• [What is needed] Transcribe, starting at the line with "When not getting" and ending at the line with "Обои Корзина яиц среди конфети на Пасху", every line of the material below exactly, but leave out the pictures and anything outside that span.

• [Supplied information]
Start of Block

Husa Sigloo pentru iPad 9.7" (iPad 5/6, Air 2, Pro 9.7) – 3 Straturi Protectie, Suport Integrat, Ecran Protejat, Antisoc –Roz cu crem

End of Block
Start of Block

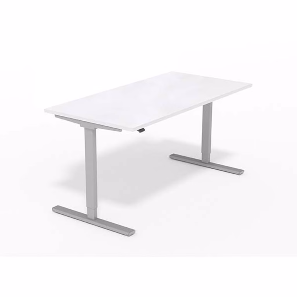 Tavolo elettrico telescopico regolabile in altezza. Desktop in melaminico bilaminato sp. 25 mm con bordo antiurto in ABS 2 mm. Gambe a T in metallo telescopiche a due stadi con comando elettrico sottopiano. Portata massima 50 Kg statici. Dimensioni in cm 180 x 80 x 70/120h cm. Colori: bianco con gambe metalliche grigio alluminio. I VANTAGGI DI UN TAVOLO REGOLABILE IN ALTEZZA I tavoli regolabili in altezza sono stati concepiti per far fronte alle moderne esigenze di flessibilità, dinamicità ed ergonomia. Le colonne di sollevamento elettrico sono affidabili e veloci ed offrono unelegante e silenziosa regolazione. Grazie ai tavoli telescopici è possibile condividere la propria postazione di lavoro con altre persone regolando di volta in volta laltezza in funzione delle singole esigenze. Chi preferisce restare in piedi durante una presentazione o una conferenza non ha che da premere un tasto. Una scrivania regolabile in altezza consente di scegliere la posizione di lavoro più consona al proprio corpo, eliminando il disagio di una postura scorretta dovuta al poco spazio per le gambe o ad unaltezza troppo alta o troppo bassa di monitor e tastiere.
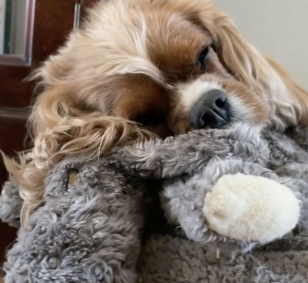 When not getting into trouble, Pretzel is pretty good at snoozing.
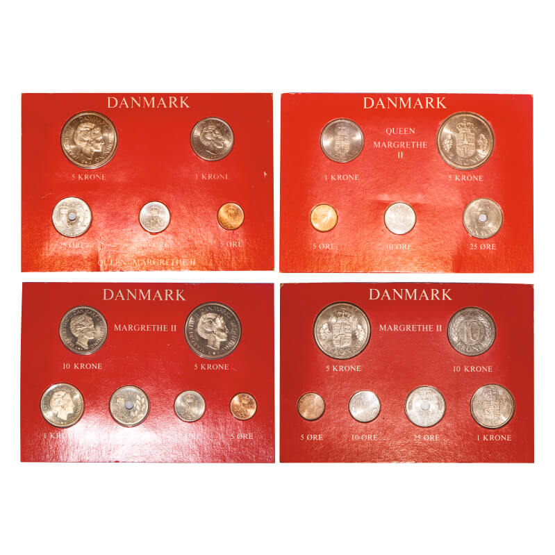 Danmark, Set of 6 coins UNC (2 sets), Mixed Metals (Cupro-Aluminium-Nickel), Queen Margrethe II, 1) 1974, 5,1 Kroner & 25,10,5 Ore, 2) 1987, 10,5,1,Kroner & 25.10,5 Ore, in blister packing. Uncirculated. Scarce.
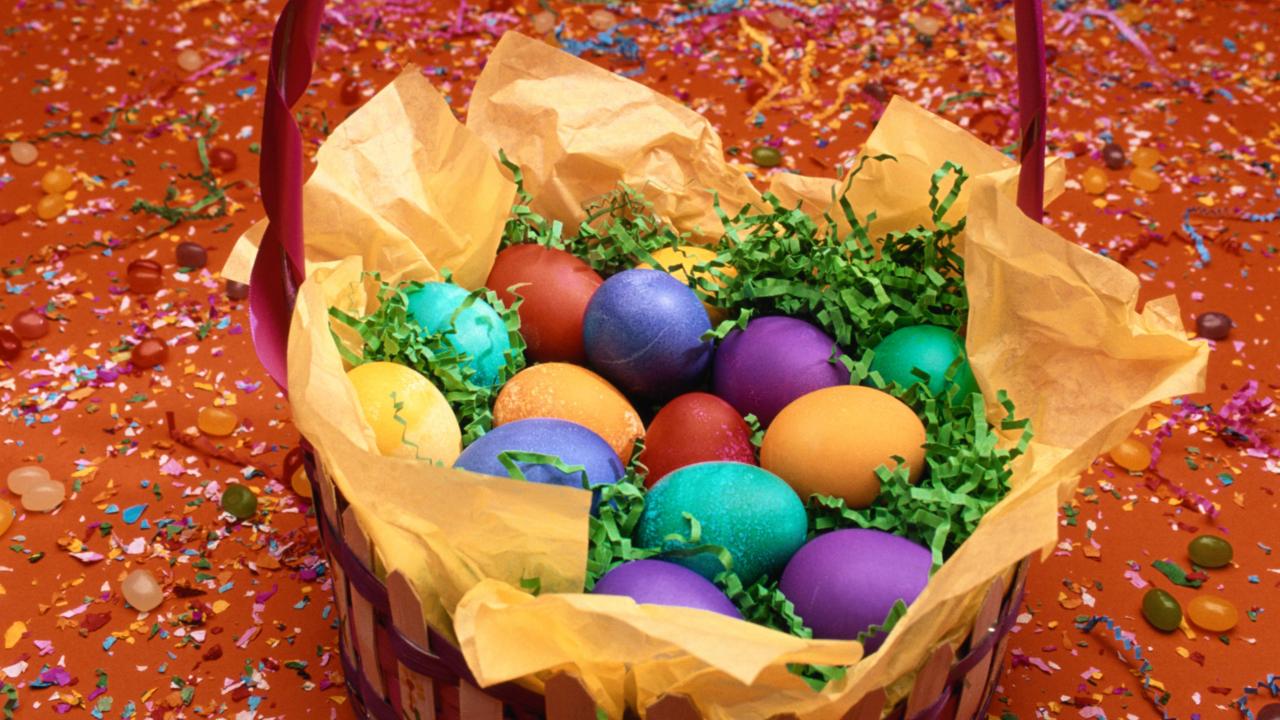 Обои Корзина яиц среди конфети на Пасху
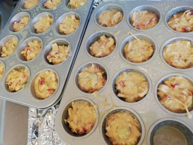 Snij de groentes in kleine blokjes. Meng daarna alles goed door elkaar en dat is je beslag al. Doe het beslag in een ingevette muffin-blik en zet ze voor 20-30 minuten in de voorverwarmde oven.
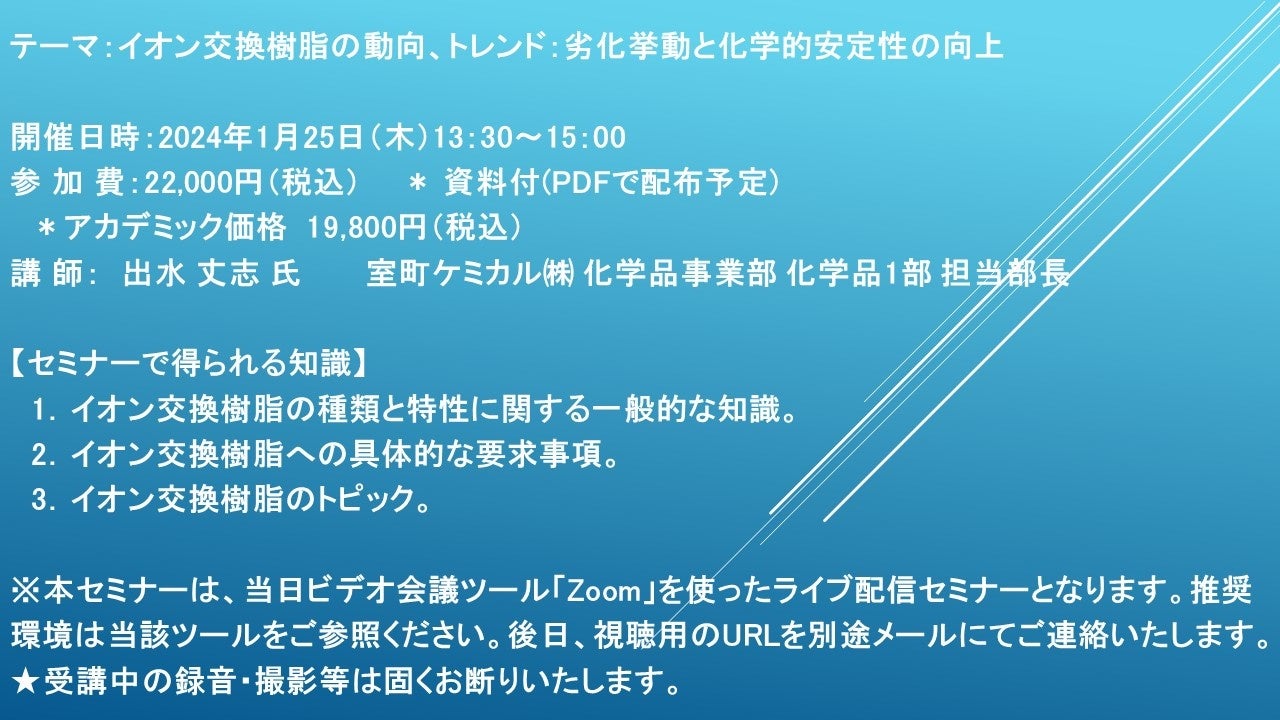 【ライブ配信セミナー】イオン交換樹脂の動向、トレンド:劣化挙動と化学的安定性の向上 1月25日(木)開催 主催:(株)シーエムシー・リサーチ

End of Block

• [Response]
 When not getting into trouble, Pretzel is pretty good at snoozing.
 Danmark, Set of 6 coins UNC (2 sets), Mixed Metals (Cupro-Aluminium-Nickel), Queen Margrethe II, 1) 1974, 5,1 Kroner & 25,10,5 Ore, 2) 1987, 10,5,1,Kroner & 25.10,5 Ore, in blister packing. Uncirculated. Scarce.
 Обои Корзина яиц среди конфети на Пасху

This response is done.